■ Dataset extract ■
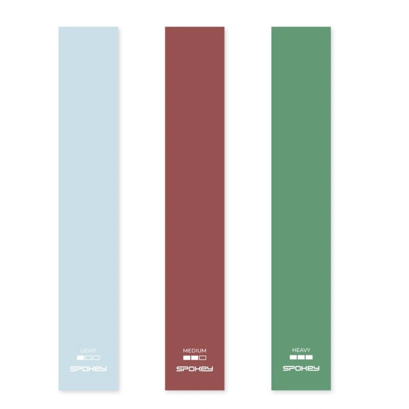 Zestaw gum mini band Spokey FLEX SET: stanowi niezbędnik każdej domowej siłowni - sprawdzą się doskonale podczas ćwiczeń rozciągających, w trakcie treningu fitness, aerobowego, pilatesu, jogi czy crossfitu, to trzy gumy o zróżnicowanej sile oporu (słaby, średni i silny) i zamkniętym obwodzie, które urozmaicą Twój trening i zaangażują partie mięśni, na których Ci zależy! Trenerzy personalni i profesjonaliści zgodnie twierdzą, że ćwiczenia z gumami to nieodzowny element w budowaniu formy oraz dbaniu o własną sylwetkę. To dzięki nim można urozmaicić trening tak, aby angażować konkretne partie mięśni, zwłaszcza te, na których Ci zależy. Z powodzeniem zastępują większość sprzętu do treningu, np. kettle czy hantle. Zróżnicowany trening z taśmami mini band FLEX SET to zestaw 3 gum mini band o zróżnicowanej sile oporu i grubości: 500 x 50 x 0.4mm - 2-4 kg, 500 x 50 x 0.8mm - 5-7 kg, 500 x 50 x 1.2mm - 8-12 kg. Dzięki temu są znakomitym wyborem zarówno dla począt
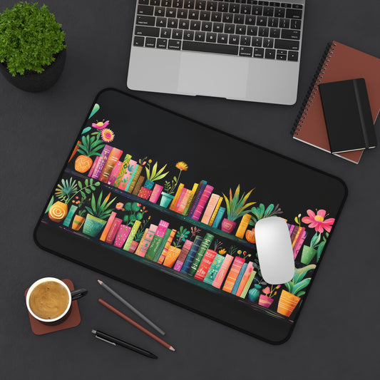 Botanical Bookshelf of Colorful Books and Plants Extended Gaming Mouse Pad Desk Mat - 3 Sizes
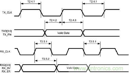 DT6000S項(xiàng)目上有4路光以太網(wǎng)接口連接到FPGA,由FPGA進(jìn)行實(shí)現(xiàn)MAC層和解碼IEC61850的SV和GOOSE。以太網(wǎng)PHY通過(guò)MII接口和FPGA,因此FPGA與外部的接口有4路MII接口。項(xiàng)目初期是實(shí)現(xiàn)1路光以太網(wǎng)接口,并且驗(yàn)證功能正確之后,但是后期變成的4路光以太網(wǎng)時(shí),總會(huì)存在1路光以太網(wǎng)通信不正常。經(jīng)過(guò)分析得到是FPGA通MII接口和PHY的時(shí)序不滿足。如圖 9所示為MII接口的時(shí)序圖,時(shí)序不滿足分為T(mén)X_CLK和RX_CLK。
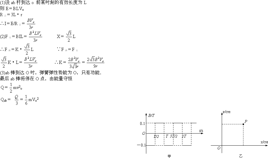 如图所示,MN、PQ是相互交叉成60°角的光滑金属导轨,O是它们的交点且接触良好.两导轨处在同一水平面内,并置于有理想边界的匀强磁场中(图中经过O点的虚线即为磁场的左边界).导体棒ab与导轨始终保持良好接触,并在弹簧S的作用下沿导轨以速度vo向左匀速运动.已知在导体棒运动的过程中,弹簧始终处于弹性限度内.磁感应强度的大小为B,方向如图.当导体棒运动到O点时,弹簧恰好处于原长,导轨和导体棒单位长度的电阻均为r,导体棒ab的质量为m.求:
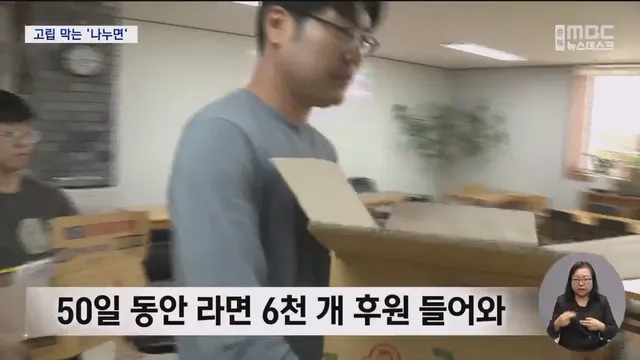 라면은 정기 후원처 기부로 제공되는데, 50일 동안 라면 6천 개와 김치 270kg 등이 들어왔습니다. 하지만 어린이 등에게 인기가 많은 '짜장라면' 같은 품목은 수급이 어려울 때가 종종 있습니다.
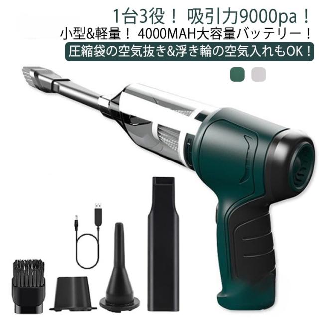 ミニ掃除機 一人暮らし 吸引力 9000pa コードレス掃除機 ミニ掃除機 車用掃除機 コンパクト ハンディー掃除機 強力 小型 1台3役 多機能 ハンドクリーナー ハンディ掃除機 USB充電式 車載掃除機 軽量 ペットの毛 車 掃除機 髪の毛 カー ハンディクリーナー
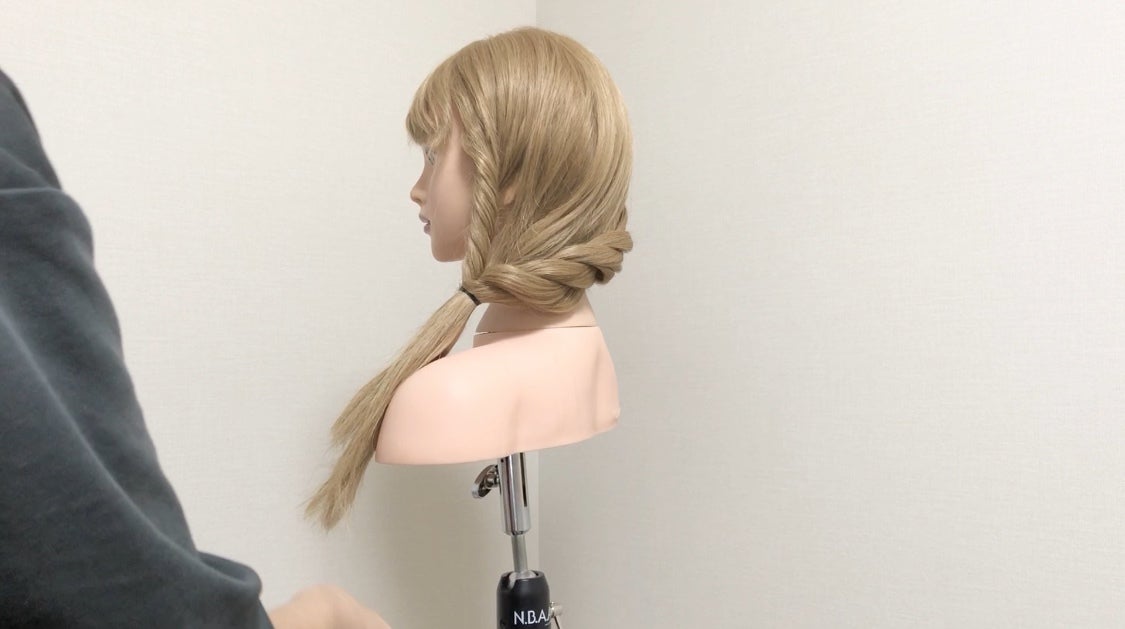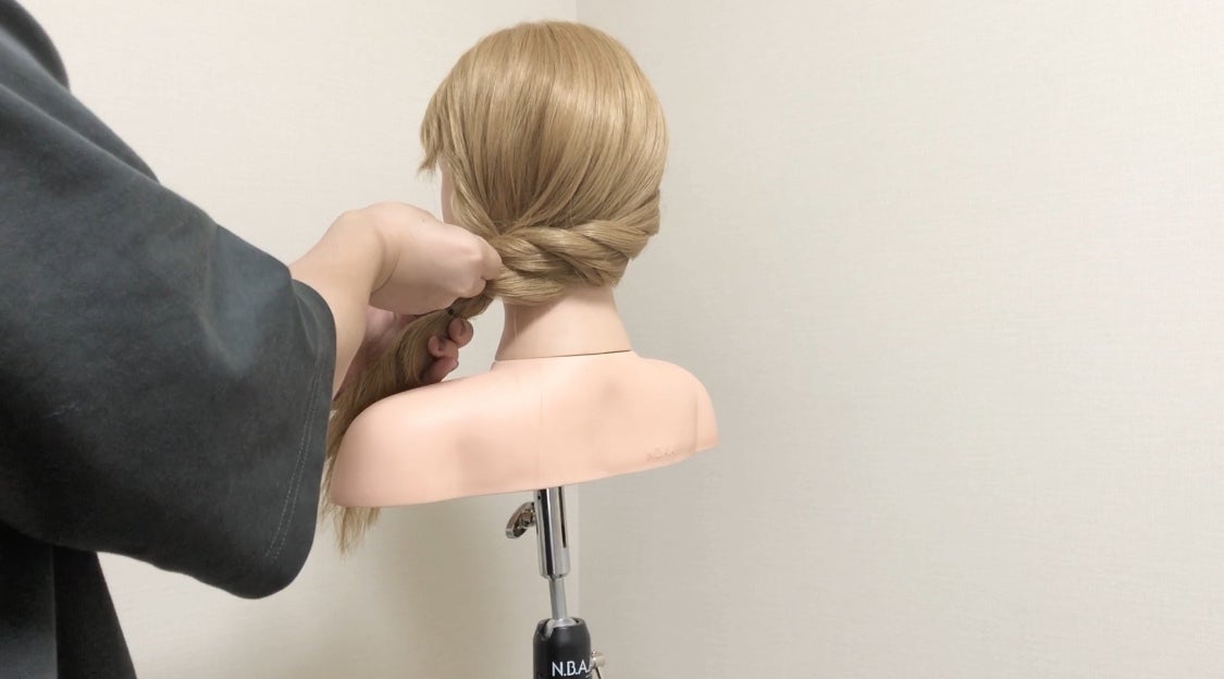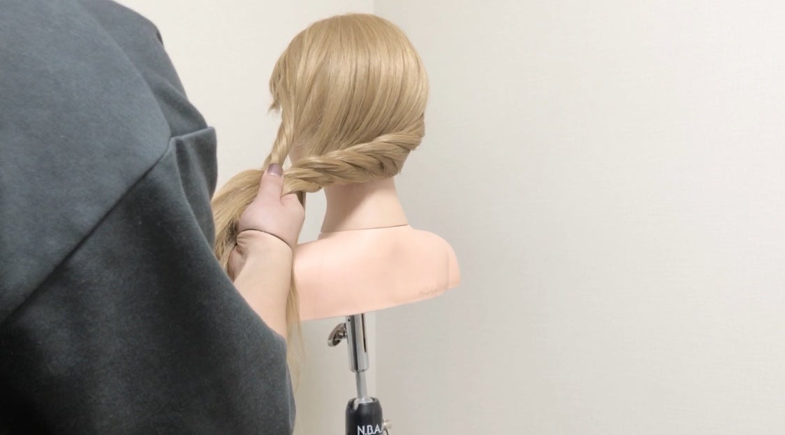 ⑤ 最後に残った毛先を巻いて全体を程よく崩したら完成です。
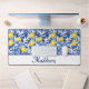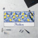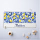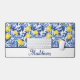 This Blue French Country lemon monogram desk mat blends sunny yellow lemons with rich blue leaves for a fresh Mediterranean look. Perfect for those who love personalized French country decor and timeless blue tile elegance. Personalize with your name.
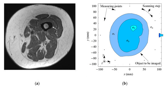 Figure 8b shows the considered 2D planar geometry that was built based on the magnetic resonance imaging (MRI) image of the human thigh presented in the Figure 8a [31]. The three-layer conducting object to be imaged is placed non-concentrically in the non-conductive environment (σ0 = 0), under the action of two external static and time-varying magnetic fields. In calculations, the amplitude of the static magnetic field with the flux density B0 was set to 1 T, and, in the unit step function, the pulsed magnetic field with the flux density B1(t) value was set to 1 T. The electrical conductivities of the inner, middle, and outer layer of the object (equivalents of the human femur, muscle, and fat) were set to σa = 5.73 × 10−2 S/m, σb = 4.35 × 10−1 S/m, and σc = 3.50 × 10−3 S/m, respectively [32]. The relative magnetic permeability value μr was set to 1 and this is the same for each object’s layer. We assumed that the layers were acoustically homogeneous without any reflections, dispersion, or attenuation, which indicates that the studies were ideal (recorded signals were considered as a noise-free). The acoustic velocity cs was set to 1500 m/s. The measuring points (real transducers’ equivalent) were placed on the circumference of the virtual circle with a radius equal to 100 mm. In Figure 8c–h, we present the results of the reconstructing the object for different numbers of measuring points.
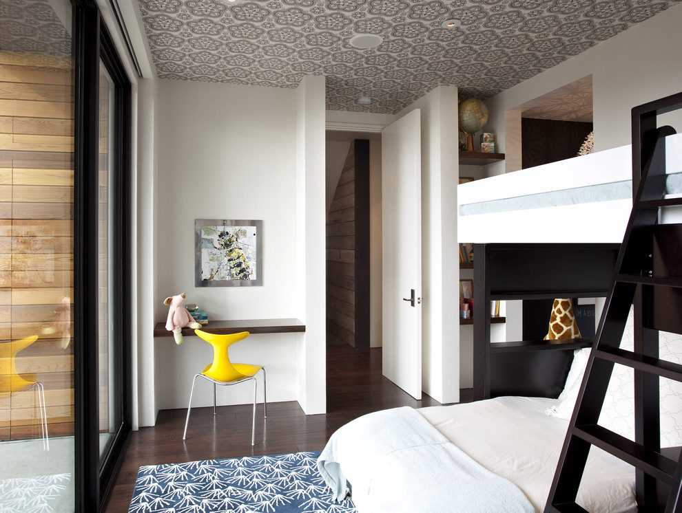 На первый взгляд покажется, что перекрытие сделано из бетона — однако это было бы не слишком удобно. Даже в частном доме потолки из гипсокартона, использованного на этом фото, гораздо функциональнее — они скроют трубы и проводку.

■ Task directions ■
Copy the listing in full and without alteration, omitting every picture.

■ Output for this exercise ■
 Zestaw gum mini band Spokey FLEX SET: stanowi niezbędnik każdej domowej siłowni - sprawdzą się doskonale podczas ćwiczeń rozciągających, w trakcie treningu fitness, aerobowego, pilatesu, jogi czy crossfitu, to trzy gumy o zróżnicowanej sile oporu (słaby, średni i silny) i zamkniętym obwodzie, które urozmaicą Twój trening i zaangażują partie mięśni, na których Ci zależy! Trenerzy personalni i profesjonaliści zgodnie twierdzą, że ćwiczenia z gumami to nieodzowny element w budowaniu formy oraz dbaniu o własną sylwetkę. To dzięki nim można urozmaicić trening tak, aby angażować konkretne partie mięśni, zwłaszcza te, na których Ci zależy. Z powodzeniem zastępują większość sprzętu do treningu, np. kettle czy hantle. Zróżnicowany trening z taśmami mini band FLEX SET to zestaw 3 gum mini band o zróżnicowanej sile oporu i grubości: 500 x 50 x 0.4mm - 2-4 kg, 500 x 50 x 0.8mm - 5-7 kg, 500 x 50 x 1.2mm - 8-12 kg. Dzięki temu są znakomitym wyborem zarówno dla począt
 Botanical Bookshelf of Colorful Books and Plants Extended Gaming Mouse Pad Desk Mat - 3 Sizes
 DT6000S項(xiàng)目上有4路光以太網(wǎng)接口連接到FPGA,由FPGA進(jìn)行實(shí)現(xiàn)MAC層和解碼IEC61850的SV和GOOSE。以太網(wǎng)PHY通過(guò)MII接口和FPGA,因此FPGA與外部的接口有4路MII接口。項(xiàng)目初期是實(shí)現(xiàn)1路光以太網(wǎng)接口,并且驗(yàn)證功能正確之后,但是后期變成的4路光以太網(wǎng)時(shí),總會(huì)存在1路光以太網(wǎng)通信不正常。經(jīng)過(guò)分析得到是FPGA通MII接口和PHY的時(shí)序不滿足。如圖 9所示為MII接口的時(shí)序圖,時(shí)序不滿足分為T(mén)X_CLK和RX_CLK。
 如图所示,MN、PQ是相互交叉成60°角的光滑金属导轨,O是它们的交点且接触良好.两导轨处在同一水平面内,并置于有理想边界的匀强磁场中(图中经过O点的虚线即为磁场的左边界).导体棒ab与导轨始终保持良好接触,并在弹簧S的作用下沿导轨以速度vo向左匀速运动.已知在导体棒运动的过程中,弹簧始终处于弹性限度内.磁感应强度的大小为B,方向如图.当导体棒运动到O点时,弹簧恰好处于原长,导轨和导体棒单位长度的电阻均为r,导体棒ab的质量为m.求:
 라면은 정기 후원처 기부로 제공되는데, 50일 동안 라면 6천 개와 김치 270kg 등이 들어왔습니다. 하지만 어린이 등에게 인기가 많은 '짜장라면' 같은 품목은 수급이 어려울 때가 종종 있습니다.
 ミニ掃除機 一人暮らし 吸引力 9000pa コードレス掃除機 ミニ掃除機 車用掃除機 コンパクト ハンディー掃除機 強力 小型 1台3役 多機能 ハンドクリーナー ハンディ掃除機 USB充電式 車載掃除機 軽量 ペットの毛 車 掃除機 髪の毛 カー ハンディクリーナー
 ⑤ 最後に残った毛先を巻いて全体を程よく崩したら完成です。
 This Blue French Country lemon monogram desk mat blends sunny yellow lemons with rich blue leaves for a fresh Mediterranean look. Perfect for those who love personalized French country decor and timeless blue tile elegance. Personalize with your name.
 Figure 8b shows the considered 2D planar geometry that was built based on the magnetic resonance imaging (MRI) image of the human thigh presented in the Figure 8a [31]. The three-layer conducting object to be imaged is placed non-concentrically in the non-conductive environment (σ0 = 0), under the action of two external static and time-varying magnetic fields. In calculations, the amplitude of the static magnetic field with the flux density B0 was set to 1 T, and, in the unit step function, the pulsed magnetic field with the flux density B1(t) value was set to 1 T. The electrical conductivities of the inner, middle, and outer layer of the object (equivalents of the human femur, muscle, and fat) were set to σa = 5.73 × 10−2 S/m, σb = 4.35 × 10−1 S/m, and σc = 3.50 × 10−3 S/m, respectively [32]. The relative magnetic permeability value μr was set to 1 and this is the same for each object’s layer. We assumed that the layers were acoustically homogeneous without any reflections, dispersion, or attenuation, which indicates that the studies were ideal (recorded signals were considered as a noise-free). The acoustic velocity cs was set to 1500 m/s. The measuring points (real transducers’ equivalent) were placed on the circumference of the virtual circle with a radius equal to 100 mm. In Figure 8c–h, we present the results of the reconstructing the object for different numbers of measuring points.
 На первый взгляд покажется, что перекрытие сделано из бетона — однако это было бы не слишком удобно. Даже в частном доме потолки из гипсокартона, использованного на этом фото, гораздо функциональнее — они скроют трубы и проводку.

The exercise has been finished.